I have a backup shank to my KA-BAR 5017 should someone find the urge to rob my place 



Like a Boss


----------



## Just Tap Pits (Mar 4, 2013)

Too many good things get said about stillwater. I like how word of mouth sells their products. I also keep hearing about very fast delivery. 

Why so negative about a break stick? Lol


----------



## Stephan (Oct 16, 2013)

Just Tap Pits said:


> Too many good things get said about stillwater. I like how word of mouth sells their products. I also keep hearing about very fast delivery.
> 
> Why so negative about a break stick? Lol


It's not sharp enough....:roll:


----------



## Just Tap Pits (Mar 4, 2013)

Stephan said:


> It's not sharp enough....:roll:


Lmao. Use it to perfect your knife fighting techniques on your lady. If I had a fancy knife shaped one id stand in a mirror knife fighting my reflection all day lol.


----------



## Stephan (Oct 16, 2013)

Just Tap Pits said:


> Lmao.
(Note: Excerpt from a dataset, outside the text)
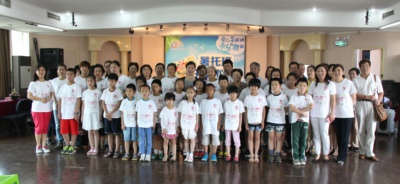 7月7日上午,21名小学生及家长,身着白色喜雅爱心 智慧生活T恤衫,兴高采烈地参加由仙霞街道主办、仙霞物业公司下属喜雅爱心社区服务中心承办的爱心暑托班 快乐有意义首期暑托班开班仪式。

Use it to perfect your knife fighting techniques on your lady. If I had a fancy knife shaped one id stand in a mirror knife fighting my reflection all day lol.
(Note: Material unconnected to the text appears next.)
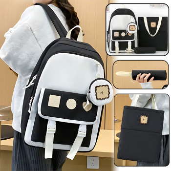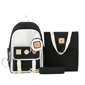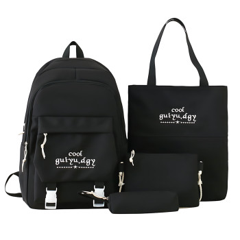 Школьный рюкзак в наборе 4в1 MFG-5505 Cool Guiyu.dgy — рюкзак, шоппер, пенал, клатч, чёрный, стильны..

Hahah she's Asian...I don't mess with her :rain: (no seriously, the force is strong with this one)


----------



## Just Tap Pits (Mar 4, 2013)

I like Italians and latinas so I try not to get on their bad sides too often.... known shankers.... 
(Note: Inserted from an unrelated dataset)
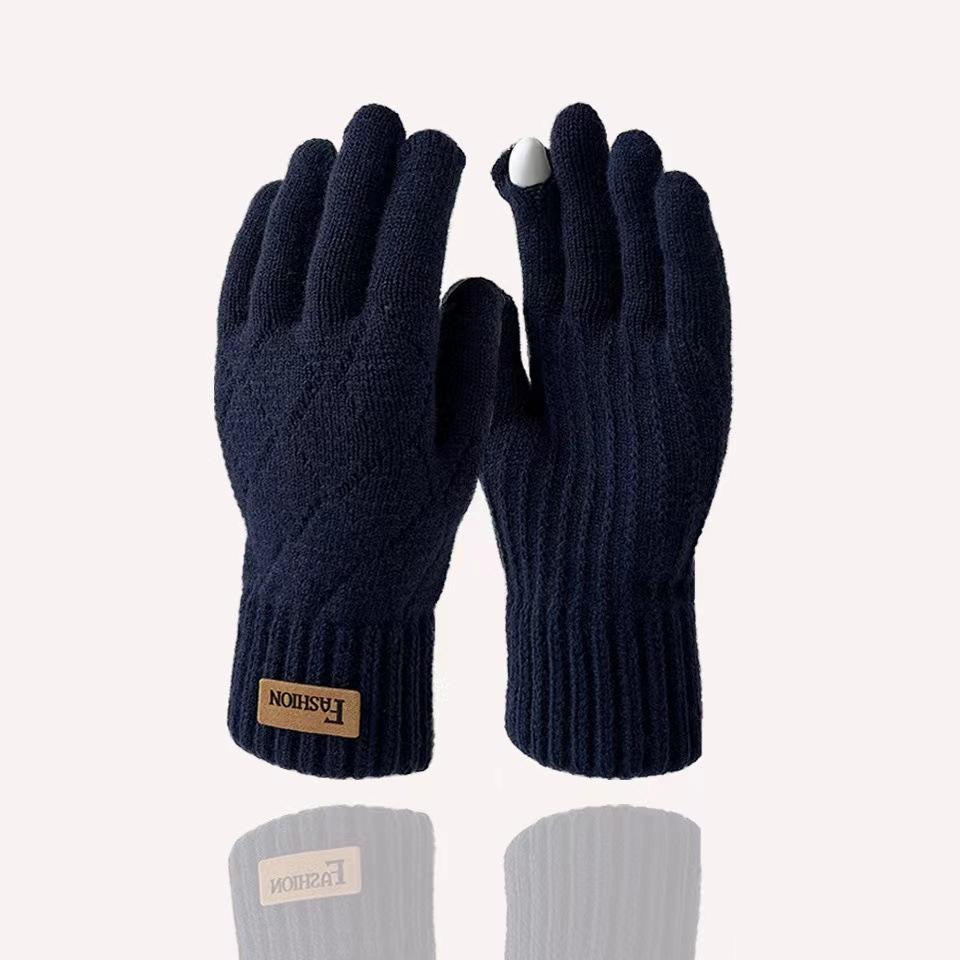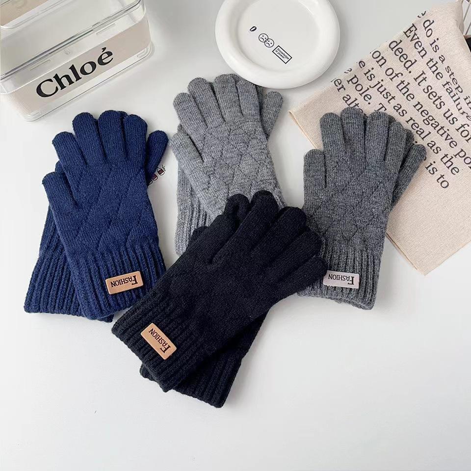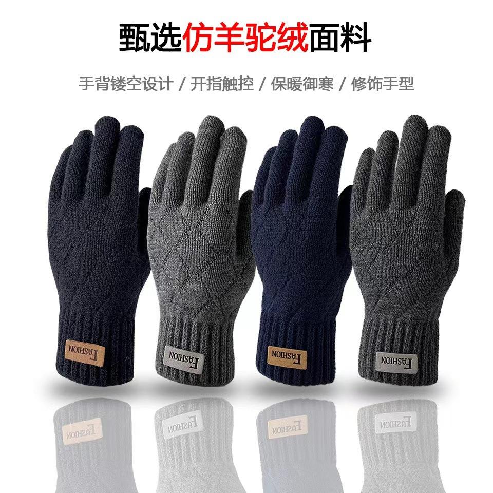 Guantes de hombre de estilo coreano de invierno a prueba de frío, de lana, tejidos, cálidos, con personalidad hueca, con dedos abiertos, para pantalla táctil, para montar al aire libre.

Anyway sorry for the thread jack. Even though it aint your thing perse a break stick could come in handy if an accident ever did happen. You'll be thankful to have it if something were to happen to luna. Its not just for your dogs but for the ones you cant control too  :thumbsup:


----------



## Stephan (Oct 16, 2013)

Just Tap Pits said:


> I like Italians and latinas so I try not to get on their bad sides too often.... known shankers....
> 
> Anyway sorry for the thread jack. Even though it aint your thing perse a break stick could come in handy if an accident ever did happen. You'll be thankful to have it if something were to happen to luna. Its not just for your dogs but for the ones you cant control too  :thumbsup:


I'm partial to Persian and Middle Eastern women myself but have been known to love a few latina in my day :cheers::snap:

Back on subject, I agree...I'm 98% never worried about my dog, it's the riff raff that's gonna first, feel my boot then last, taste that polyethylene stick right in the back of his gullet. Hope I have good aim


----------



## Ebar (Oct 30, 2013)

Ugggghhhhh I hate you lol now I must order! Lol damnit they look awesome! Good choice and happy to hear about delivery

Sent from Petguide.com Free App


----------



## Katey (Aug 5, 2013)

looking good Stephen.


----------



## ::::COACH:::: (Apr 4, 2012)

Exactly! I have never had a bad experience with Stillwater! Always been very quick to respond to emails, on my doorstep in a few days, nice fit.... Amazing quality. 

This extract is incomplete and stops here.